- What is expected -
In the entries that follow, which lines hold the string "used"? List them.

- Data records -
*****

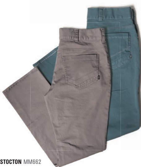
STOCTON MM662 MENS TWILL PANT 98% COTTON 2% SPANDEX A111 GREY SOLD AS SINGLE A193 GREEN 30, 32, 33, 34, 36
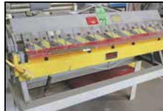
MHC 4876 48" SHEET METAL PAN AND BOX BRAKE
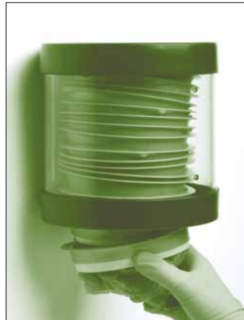
Convenient dispenser available
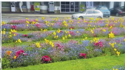
Left to right; Station at Oberalp Pass and colourful gardens Vevey

Over many centuries the River Rhine has carved a path through the tough bedrock. The result is one of Switzerland's most impressive natural spectacles. The landscape looked very dramatic as the Rhine River carved its way deep into the white rocks, accentuated by the wild waters tumbling aggressively below.
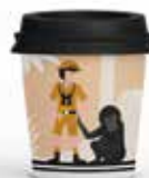
ID 530209 / 530210 / 530211
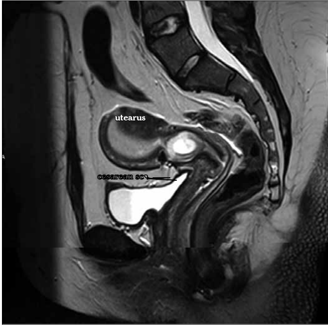
Figure 2. MRI imaging of cesarean scar pregnancy
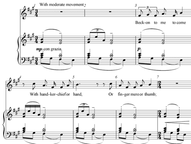
Example 17: Ireland’s Beckon to me to come : piano propels the piece forward in brief sections of rests in the vocal line.

Although the melody of Beckon to me appears to be in small sections separated by rests, its musical sections are sequenced together by a steady rise in the melodic line and via the rhythmic interest of its accompaniment. The piano propels the piece forward through its sections of rest in the vocal line. Ireland’s melodic lines, and likewise Hardy’s poetic interests, are sustained throughout several piano interludes in this fashion 252 (Example 17).
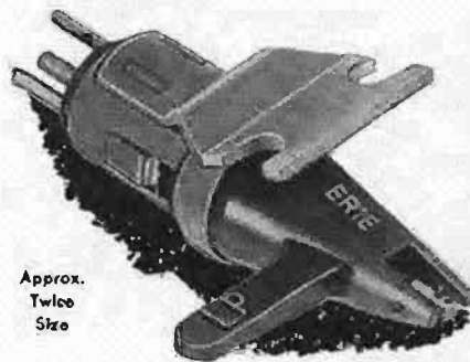
Approx. Twice Size

From the pioneer in ceramics for electronics
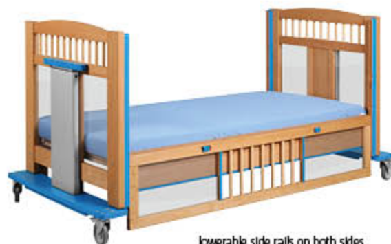
lowerable side rails on both sides (option)
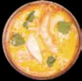
TOM KHA SOUP 33 Zł Shrimps, calamari, coconut milk, mung bean sprouts, coriander
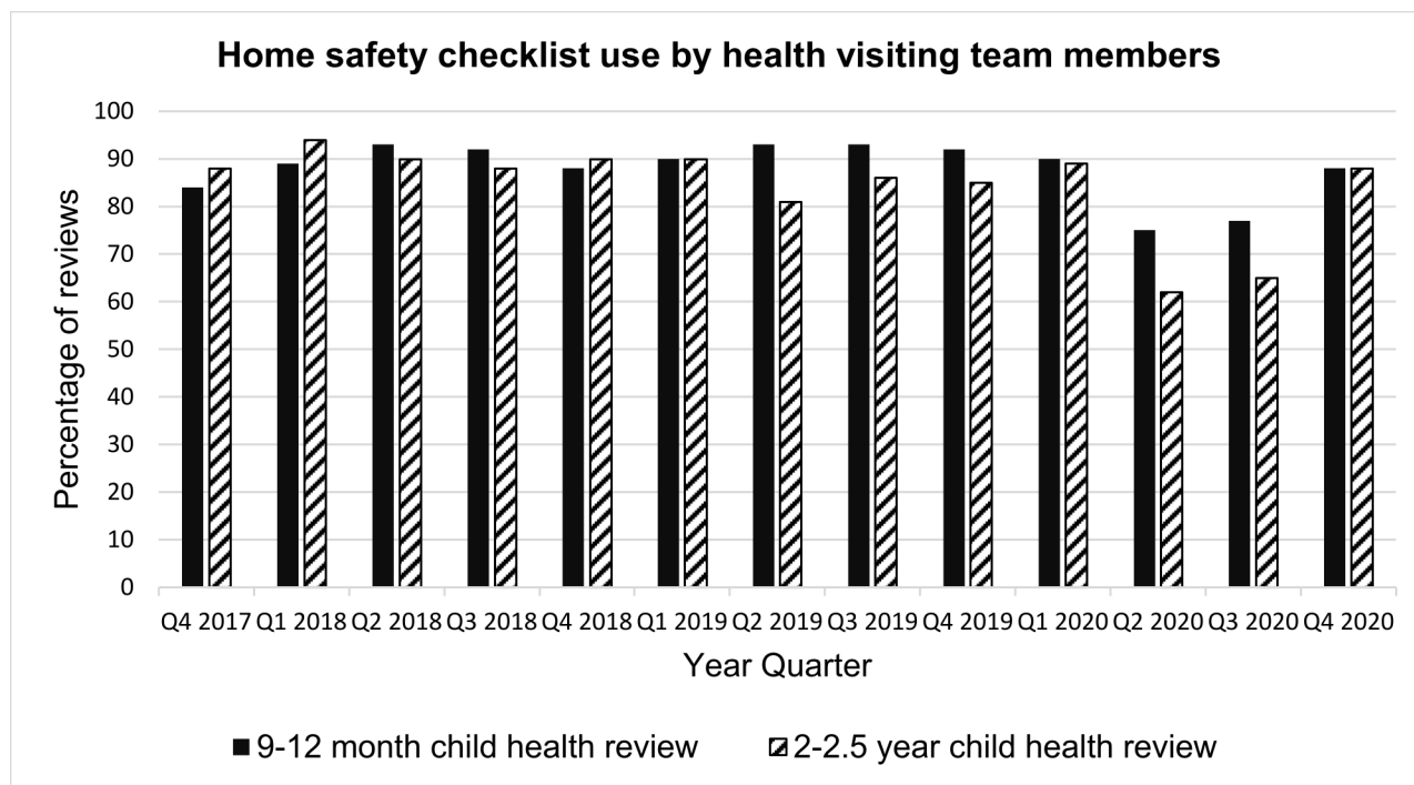
Figure 2 Electronic medical record data of self-reported SOSA home safety checklist use at child health reviews by health visiting team members. SOSA, Stay One Step Ahead.

were used with variable frequency: 72% consistently used a one-page height chart developed by Royal Society for the Prevention of Accidents (RoSPA), whereas 25% reported regularly using RoSPA's 'Keep Me Safe at Home booklet'.
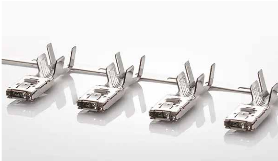
A multi-part connector manufactured in a single stage process. Selectively galvanised stamped strips with standard sheet thicknesses of 0.2mm-0.4mm are used.

ever-increasing time-to-market demands and international cost pressures, simulation software has become an indispensable part of our everyday lives. The use of Stampack in our design department has proven to be a complete success - even in an international environment'.
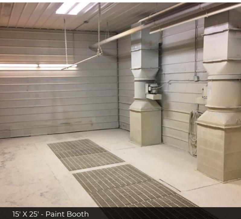
15' X 25' - Paint Booth
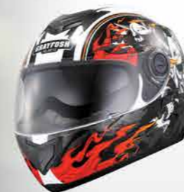
MODEL CODE G2002 NOH
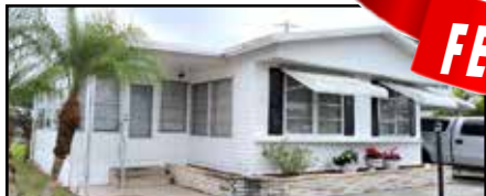
4920 Boca Raton $159,900
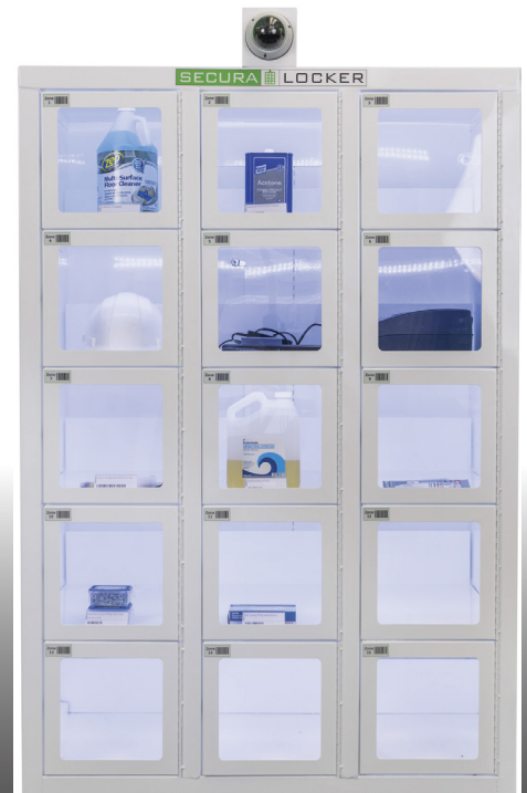
Tower and Locker Add-Ons Available
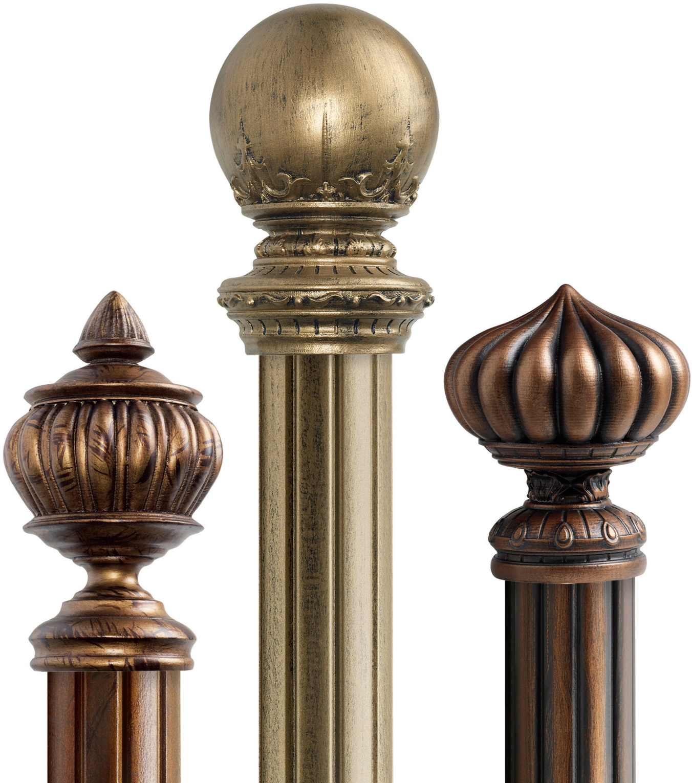
KENSINGTON Burnished Copper Shown. Size 2".
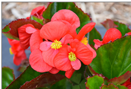
Big Red Green Leaf Begonia flowers

This is a high maintenance plant that will require regular care and upkeep, and usually looks its best without pruning, although it will tolerate pruning. Deer don't particularly care for this plant and will usually leave it alone in favor of tastier treats. Gardeners should be aware of the following characteristic(s) that may warrant special consideration;
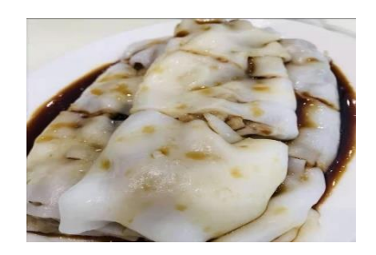
Figure 9(c). Cheung fan.
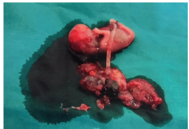
Figure 3. Fetus and placenta.

In terms of initial presentation, there appears little that could have raised our suspicion for an abdominal pregnancy. The patient did not have any risk factors for abdominal preg-
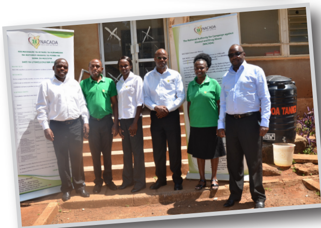
Central Regional team

*****

- Completed exercise -
were used with variable frequency: 72% consistently used a one-page height chart developed by Royal Society for the Prevention of Accidents (RoSPA), whereas 25% reported regularly using RoSPA's 'Keep Me Safe at Home booklet'.
A multi-part connector manufactured in a single stage process. Selectively galvanised stamped strips with standard sheet thicknesses of 0.2mm-0.4mm are used.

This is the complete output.